No One Said it Would Be Easy

Losing weight is hard, but keeping it off is even harder.  Yes, I just said it  gets harder.  Many studies show that 95% of people fail to maintain their weight loss after 3-5 years because they do not successfully address the lifestyle behaviors that cause weight gain.  While people have good intentions when beginning a diet, corporate wellness program, or exercise program, they fail to make permanent, small, acceptable changes that they can live with for a lifetime. 

If you are presently trying to lose weight, think about the types of changes are making.  Are you willing to commit to them for a lifetime?  Make sure each goal has staying power and switch out the weak one’s for options that are more enjoyable.  Here are some examples:

Goal: Increase water intake with and between meals. Problem: Plain water is getting boring.  Solution: Try adding lime, orange or lemon slices to the water pitcher.  

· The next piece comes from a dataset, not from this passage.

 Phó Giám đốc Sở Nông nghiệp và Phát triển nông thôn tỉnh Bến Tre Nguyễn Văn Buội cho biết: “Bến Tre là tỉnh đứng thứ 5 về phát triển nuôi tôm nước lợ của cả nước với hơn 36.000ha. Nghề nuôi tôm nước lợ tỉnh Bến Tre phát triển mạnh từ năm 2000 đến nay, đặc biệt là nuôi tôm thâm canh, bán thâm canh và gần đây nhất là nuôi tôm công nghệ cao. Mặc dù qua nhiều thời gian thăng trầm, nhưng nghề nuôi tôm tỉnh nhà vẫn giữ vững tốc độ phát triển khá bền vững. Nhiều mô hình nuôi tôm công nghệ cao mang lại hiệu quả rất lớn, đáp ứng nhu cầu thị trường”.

Goal: Walk 30 minutes daily.  Problem: Your starting to feel like a hamster on a wheel.  Solution: Try a new route, time of day, music mix or book on tape to recharge you. Cycle, swim or jump rope instead. 

Goal: Eat breakfast daily.  Problem: You always run short on time or breakfast makes you nauseous first thing in the morning.  Solution: Try adding a glass of orange juice fortified with calcium and Vitamin D as a first step or pack a yogurt, low-fat cheese sticks or dried cereal for the office. 

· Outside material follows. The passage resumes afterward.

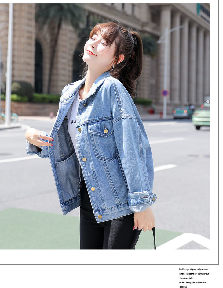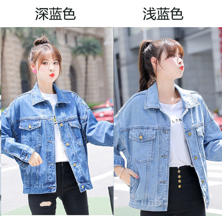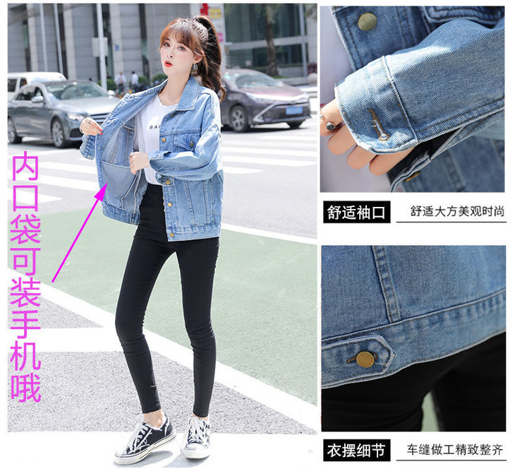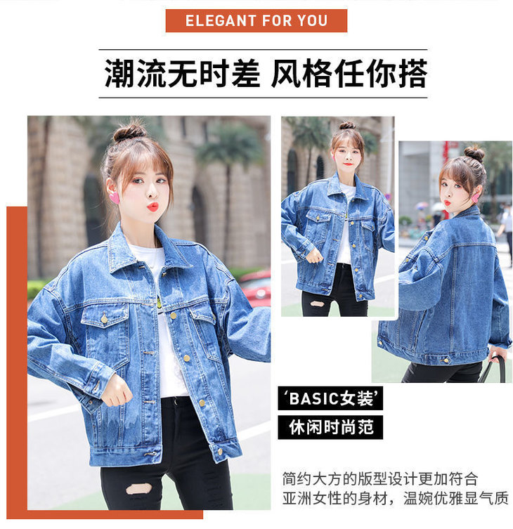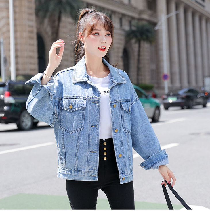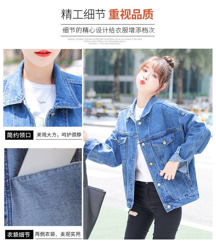 YLFS-PPP新款韩版时尚气质宽松翻领长袖短款牛仔外套

Goal: Cover 1/2 your plate with fruits and vegetables.  Problem: You can’t stand eating vegetables as a side dish.  Solution: Mix them into your main course.  Shish kabob, stir fry, pasta and rice dishes are a great way to load in vegetables.  

Revisit your goals and ask yourself if you have made lasting changes?  The easier changes are to follow, the more apt you are to be successful. 

Feel free to post comments if you need some fresh ideas.  Remember healthy, lifestyle habits (behavior change) will keep you in the permanent weight loss category.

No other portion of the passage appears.